Models#
Currently available models can manage text and audio modalities. For each model, we summarize its text and audio encoding modules and its fusion strategy. Fusions strategies are divided into three categories:
Concat: Concatenation of the text and audio embeddings.
Avg: Average of the text and audio embeddings.
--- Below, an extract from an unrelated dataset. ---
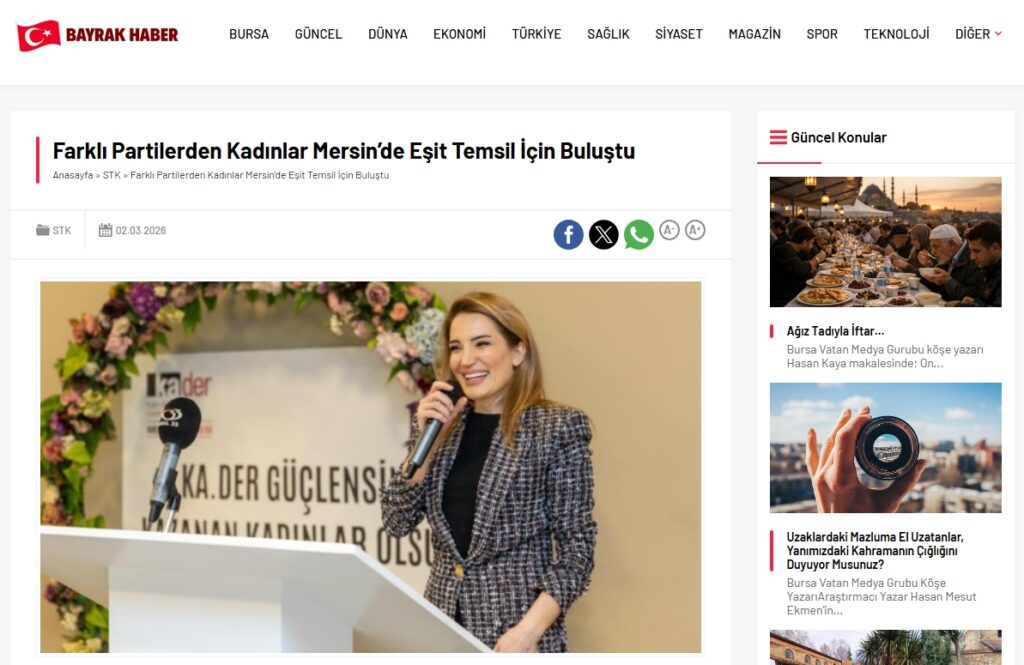 KA.DER Genel Başkanı Yeşim Akpolat: “Eşit temsil demokrasi meselesidir” Kadın Adayları Destekleme Derneği (KA.DER) tarafından düzenlenen “KA.DER Kürsü – Mersin Buluşması”, farklı siyasi partilerden kadın siyasetçileri, kadın muhtarları, belediye meclis üyelerini ve belediye başkan yardımcılarını bir araya getirdi. Toplantıda yerel siyasette kadınların karar alma mekanizmalarındaki temsili, yapısal engeller ve çözüm önerileri ele alındı. 31 Mart […]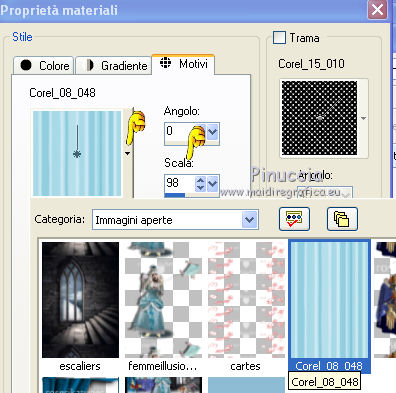 e nel menu "Immagini aperte" seleziona il motivo Corel_08_048 con i seguenti settaggi.

Cross: Crossmodal Attention between the text and audio embeddings.
Model |
Text Encoding |
Audio Encoding |
Fusion |
---|---|---|---|
BiLSTM |
GloVe + BiLSTM |
(Wav2Vec2 or MFCCs) + BiLSTM |
Concat-Late |
MM-BERT |
BERT |
(Wav2Vec2 or HuBERT or WavLM) + BiLSTM |
Concat-Late |
MM-RoBERTa |
RoBERTa |
(Wav2Vec2 or HuBERT or WavLM) + BiLSTM |
Concat-Late |
CSA |
BERT |
(Wav2Vec2 or HuBERT or WavLM) + Transformer |
Concat-Early |
Ensemble |
BERT |
(Wav2Vec2 or HuBERT or WavLM) + Transformer |
Avg-Late |
Mul-TA |
BERT |
(Wav2Vec2 or HuBERT or WavLM) + Transformer |
Cross |